Polypyrimidine-Trakt-Bindeprotein
Polypyrimidine-Trakt-Bindungsprotein (PTB) ist ein spezifisches Protein, das an die pyrimidinreichen Sequenzen in der Prä-mRNA bindet und bei der Regulation der Alternativspleißung sowie der Translation beteiligt ist. Es existieren vier Isoformen (PTB1, PTB2, PTB3, PTB4), die durch alternatives Spleißen entstehen und unterschiedliche Funktionen haben können.

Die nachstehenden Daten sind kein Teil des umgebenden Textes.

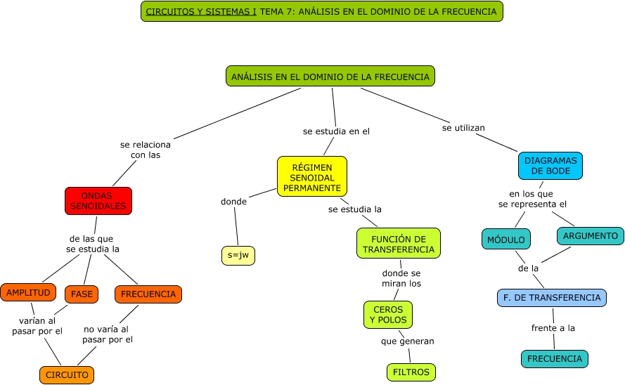 Este Cmap, tiene información relacionada con: Tema 7 Análisis en el dominio de la frecuencia, FASE varían al pasar por el CIRCUITO, CEROS Y POLOS que generan FILTROS, F. DE TRANSFERENCIA frente a la FRECUENCIA, RÉGIMEN SENOIDAL PERMANENTE donde s=jw, DIAGRAMAS DE BODE en los que se representa el MÓDULO, RÉGIMEN SENOIDAL PERMANENTE se estudia la FUNCIÓN DE TRANSFERENCIA, ANÁLISIS EN EL DOMINIO DE LA FRECUENCIA se utilizan DIAGRAMAS DE BODE, FUNCIÓN DE TRANSFERENCIA donde se miran los CEROS Y POLOS, FRECUENCIA no varía al pasar por el CIRCUITO, ANÁLISIS EN EL DOMINIO DE LA FRECUENCIA se relaciona con las ONDAS SENOIDALES, ONDAS SENOIDALES de las que se estudia la AMPLITUD, DIAGRAMAS DE BODE en los que se representa el ARGUMENTO, ANÁLISIS EN EL DOMINIO DE LA FRECUENCIA se estudia en el RÉGIMEN SENOIDAL PERMANENTE, ONDAS SENOIDALES de las que se estudia la FRECUENCIA, AMPLITUD varían al pasar por el CIRCUITO, ARGUMENTO de la F. DE TRANSFERENCIA, MÓDULO de la F. DE TRANSFERENCIA, ONDAS SENOIDALES de las que se estudia la FASE
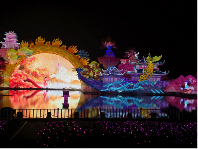 在本届厦门园博苑灯会中,大型水上灯组沿湖铺展,水面倒影与舞台光影形成视觉呼应。陆地主题舞台与流动式演出区域穿插布局,使游客在移动过程中自然进入不同演艺场景。
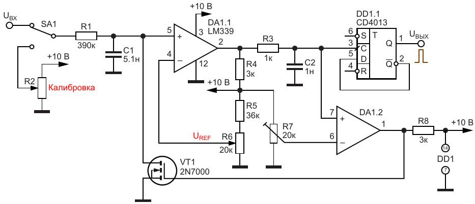 Рисунок 3. Электрическая схема линейного преобразователя величины входного напряжения в пропорциональное изменение частоты выходных прямоугольных импульсов
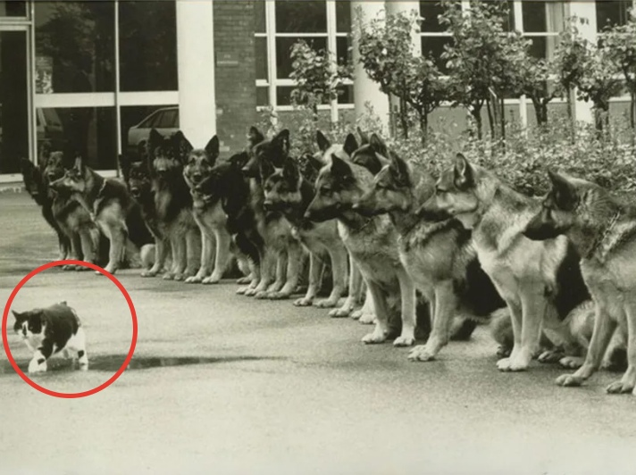 Куча серьёзных здоровых овчарок, перед которыми вальяжно прогуливается кот. Казалось бы, что может пойти не так? Фотография с этой сценой уже пару лет как гуляет по интернету с подписью «Экзамен немецких полицейских собак на выдержку». И ведь люди верят!
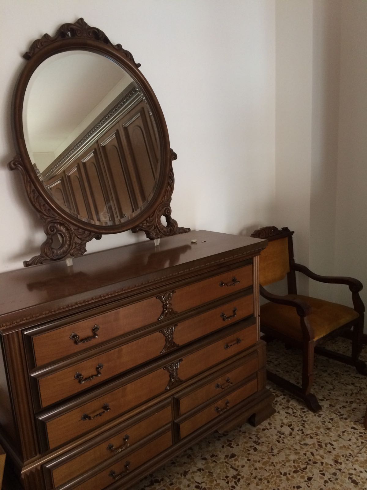 con armadioa sei ante e sei cassetti sotto, letto matrimoniale con testata finemente decorata, due comodini e comò in stile a dieci cassetti con specchio ovale , il tutto in ottime condizioni. La rete del letto è in ferro. L’armadio misura 305 cm di larghezza, 232 cm di altezza e 58 cm di profondità. Le ante sono dotate di specchio interno, ripiani e appendiabiti.
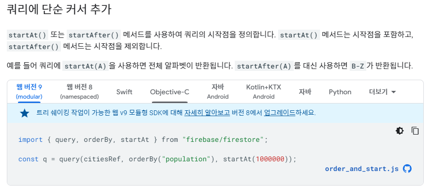 파이어 베이스 사이트에서, startAt을 사용할때 문자를 사용했다는 것을 보고, index를 이용하기보다.. 검색 기준이 되는 것을 기준으로 한다는 것을 알게 되었다. 앞으로 헷갈리는게 있으면 공식 사이트를.. 더 읽어보고.. 하는 습관을 가져야겠다.
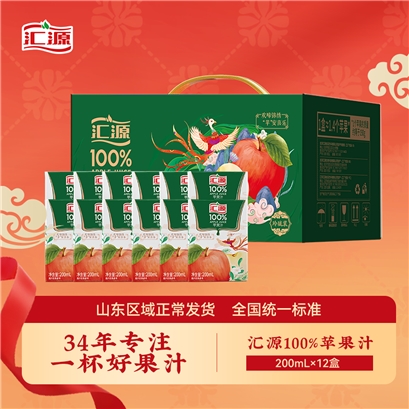 汇源100%纯苹果汁多种维生素饮料零添加200ml |
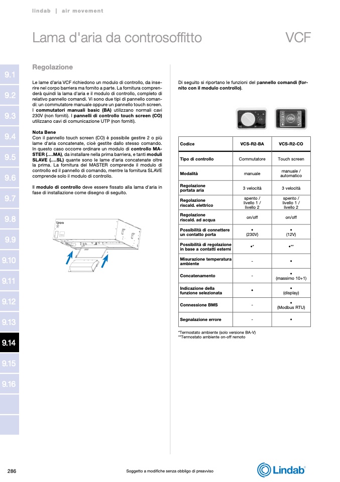 Le lame d’aria VCF richiedono un modulo di controllo, da inse-

Heterogene nukleäre Ribonukleoproteine
Heterogene nukleäre Ribonukleoproteine (hnRNPs) sind eine Gruppe von Proteinen, die mit heterogenen nuclear RNA-Molekülen assoziiert sind und bei der Prozessierung, Stabilisierung und Translation dieser RNAs sowie bei der Regulation der Genexpression eine wichtige Rolle spielen.
Ribonukleoproteine
RNA-Bindungsproteine
Alternative Splicing
Alternative Splicing ist ein Prozess der Genexpression, bei dem verschiedene Proteine oder RNA-Moleküle aus demselben Primärtranskript durch die unterschiedliche Anordnung von Exons und Introns erzeugt werden. Dies ermöglicht eine Erhöhung der genetischen Vielseitigkeit und Komplexität in eukaryotischen Organismen, ohne dass zusätzliche Gene benötigt werden. Diese Variationen können die Funktion, Lokalisation oder Stabilität des resultierenden Proteins beeinflussen und sind von entscheidender Bedeutung für die Regulation komplexer Zellprozesse sowie für die Entstehung verschiedener Krankheiten.

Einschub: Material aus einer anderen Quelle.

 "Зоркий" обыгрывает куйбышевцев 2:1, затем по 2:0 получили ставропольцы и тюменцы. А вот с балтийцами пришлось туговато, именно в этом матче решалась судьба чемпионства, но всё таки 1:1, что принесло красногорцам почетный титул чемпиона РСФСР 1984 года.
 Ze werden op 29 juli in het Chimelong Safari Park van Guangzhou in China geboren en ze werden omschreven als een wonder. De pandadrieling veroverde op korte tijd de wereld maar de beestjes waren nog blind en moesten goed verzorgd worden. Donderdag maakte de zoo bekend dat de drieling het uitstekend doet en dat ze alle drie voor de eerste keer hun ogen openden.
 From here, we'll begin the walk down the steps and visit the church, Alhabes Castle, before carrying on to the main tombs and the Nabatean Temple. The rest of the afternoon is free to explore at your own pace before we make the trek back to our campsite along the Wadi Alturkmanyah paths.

Octamer-Transkriptionsfaktoren
3'-Untranslated Regions
Protein Biosynthesis
Ribosomen
Ribosomen sind komplexe intrazelluläre Granula, die aus ribonukleoproteinhaltigen Untereinheiten bestehen und hauptsächlich für die Proteinsynthese verantwortlich sind, indem sie transfer-RNA-Moleküle mit ihren spezifischen Aminosäuren decodieren und diese an Peptidbindungen in der richtigen Reihenfolge verknüpfen.
RNA-Vorläufer
Ein RNA-Vorläufer, auch bekannt als präkursor-RNA (pre-mRNA), ist eine längere, initial synthetisierte RNA-Transkriptsequenz, die verschiedene Prozessierungsereignisse wie Spleißen, Kappen und Polyadenylierung durchläuft, um in reife, funktionelle RNAs wie mRNAs, rRNAs oder tRNAs umgewandelt zu werden.
Hela-Zellen
RNA Splicing
RNA Splicing ist ein posttranskriptionellen Prozess, bei dem nicht-kodierende Sequenzen (Introns) aus der vorläufigen mRNA entfernt und kodierende Sequenzen (Exons) verbunden werden, um eine reife, translationsfähige mRNA zu erzeugen.
RNA, virale
Molekülsequenzdaten
Base Sequence
Exons
Exons sind die kontinuierlichen Abschnitte eines codierenden Genoms, die nach der RNA-Spleißenmacherei Teil der reifen, funktionellen mRNA werden und anschließend für die Proteinsynthese verwendet werden. Sie entsprechen den Bereichen, aus denen das fertige Protein hergestellt wird, während Introns entfernt (gespleißt) werden, um die endgültige mRNA zu bilden.
Binding Sites
5'-Nicht-translatierte Regionen
RNA, Messenger-
Nucleic Acid Conformation
Kernmatrixproteine
Protein Binding
Zytoplasma
Das Zytoplasma ist der flüssigkehrteil des Inneren einer Zelle, der die Zellorganellen umgibt und aus verschiedenen Makromolekülen, Ionen und kleinen Molekülen besteht, aber keine Membran-gebundenen Organellen wie Kern oder Mitochondrien enthält.
Zellinie
Vernetzungsreagenzien
In der Medizin sind Vernetzungsreagenzien Substanzen, die verwendet werden, um Biomoleküle wie Proteine oder DNA durch die Bildung von kovalenten Bindungen miteinander zu vernetzen, um deren Stabilität und Aktivität zu erhöhen oder um komplexe Strukturen zu bilden.